第36小節
いつしか眠っていた。
まぶたがくっついていて、手でこすって目をあけた。
今日の天気は快晴だったが真っ白な雲もおおかった。
いつもは眠るときにあけていた窓も閉めたままだった。
あけた窓からの風が心地よかった。
気分はいつになくおだやかだった。
わたしはワンピースに着替えて散歩にでかけた。
手ぶらででかけた。
そうしたかった。
朝の桟橋には誰もいなかった。
わたしはテラス部分にある屋根付きのベンチに座って凪の海を見つめていた。
足音がしたのでふり向くと、いつもの老婦人がきていた。
わたしが会釈すると、老婦人も会釈した。
「おとなりいいかしら?」
と老婦人はいった。
「はい」
とわたしは答えた。
老婦人はとなりにやわらかく座った。
「気持ちのよい朝ね」
「ええ、ほんとに」
「夏の朝が好きなの」
「わたしもです」
「そう」
「はい」
「何だか、ずいぶん晴れやかなお顔をしていらっしゃるわ」
「わたしですか?」
「ええ」
「そうですか」
「何かいいことがあったのかしら」
「そうですね」
「それはうらやましい」
「このところ、あまりいいことなかったんですけどね」
「そうなの?」
「ええ、まあ、スランプとゆうか、何というか」
「そう」
「はい」
「失礼だけど、お嬢さんはおいくつ?」
「ああ、あと少ししたら19歳になります」
「あらまあ、それはおめでとう」
「ありがとうございます」
「来年はいよいよ大人の仲間入りってことね」
「そうなりますね。
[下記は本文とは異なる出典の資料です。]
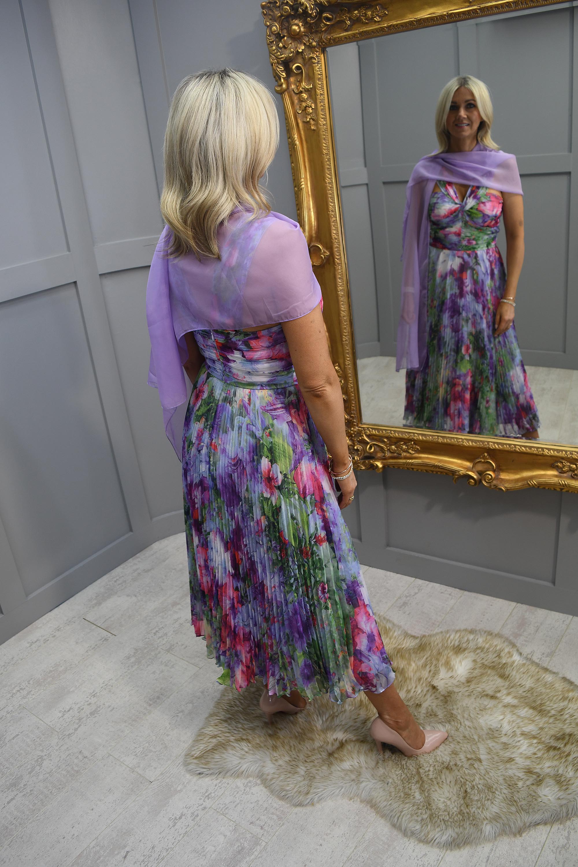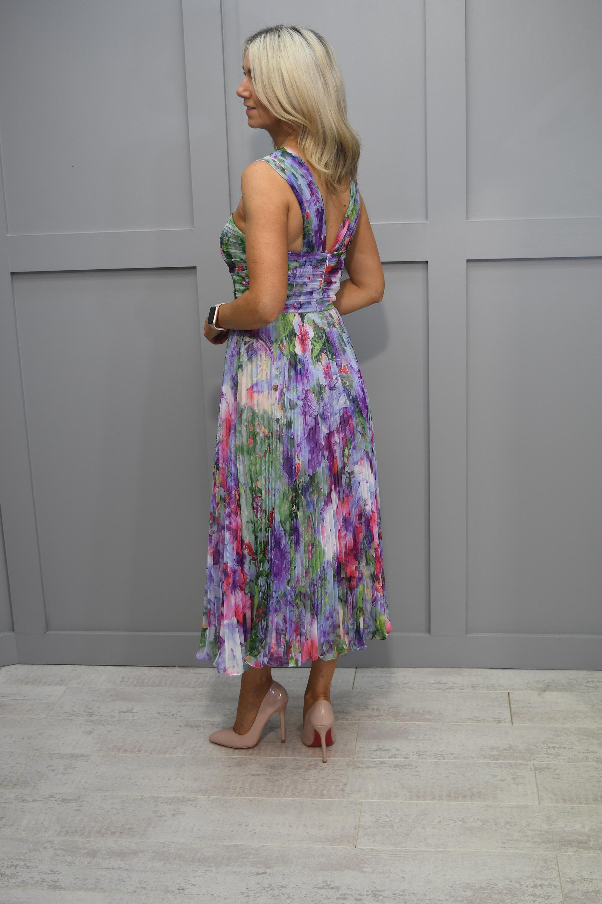 Carla Ruiz Floral Pleat Dress With Cross Strap & Lilac Shawl-50407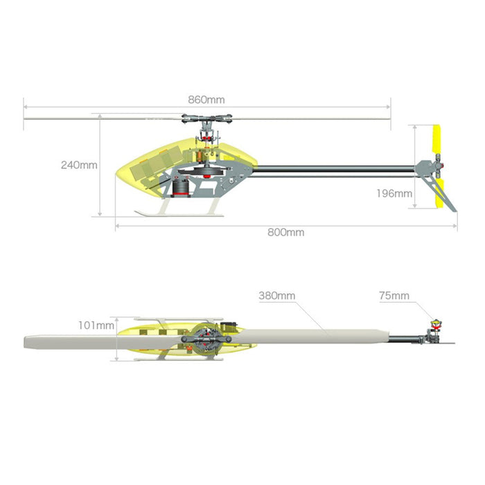 Wyposażony w średnicę głównego wirnika 860 mm i długość głównego ostrza 380 mm, X380 zapewnia wyjątkową stabilność i kontrolę na wszystkich etapach lotu. Wał główny ma średnicę 6 mm, a średnica wału wrzeciona wynosi 5 mm, zapewniając solidne podparcie wirujących wirników. Ponadto średnica wirnika ogonowego wynosząca 3196 mm zwiększa niezwykłą równowagę i precyzję helikoptera podczas lotu.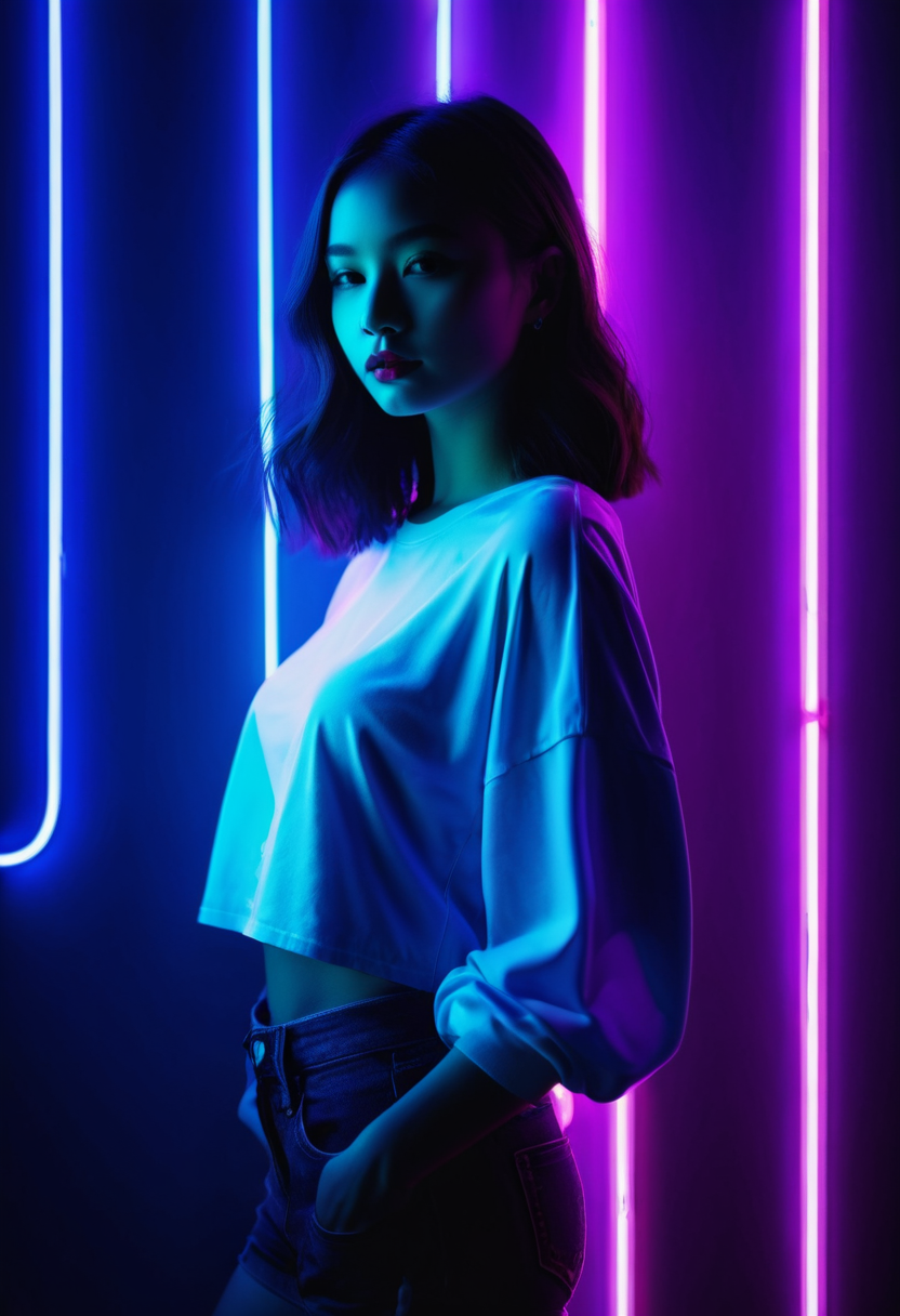 poster image, half body, 1girl, Shadow art, full-length shot of girl at 25 years old, atmosphere of neon lights

まだまだそうなりたくはないって思うところも実際あったりはするんですけど」
「わたしもそうだった」
「そうですか」
「ずっとね……」
「ええ」
「大人になんかならずに、ずっとずっとおとぎの国で遊んでいたかったって」
「ああ、何かわかります」
「でも、無理して大人になる必要はないと思うの」
「はい」
「誰かを悲しませなかったら、それでいいと思うの」
「はい」
「人生は、そのための戦いだから」
「あ、はい」
「あら、何だか説教くさくなっちゃって、いやだわ、そんなつもりじゃなかったんだけど、ごめんなさいね」
「いえ」
「これだから大人はいやよね」
老婦人はそういって上品に笑うと海を見つめた。
わたしも見つめた。
朝陽にキラキラ、海も笑っているように見えた。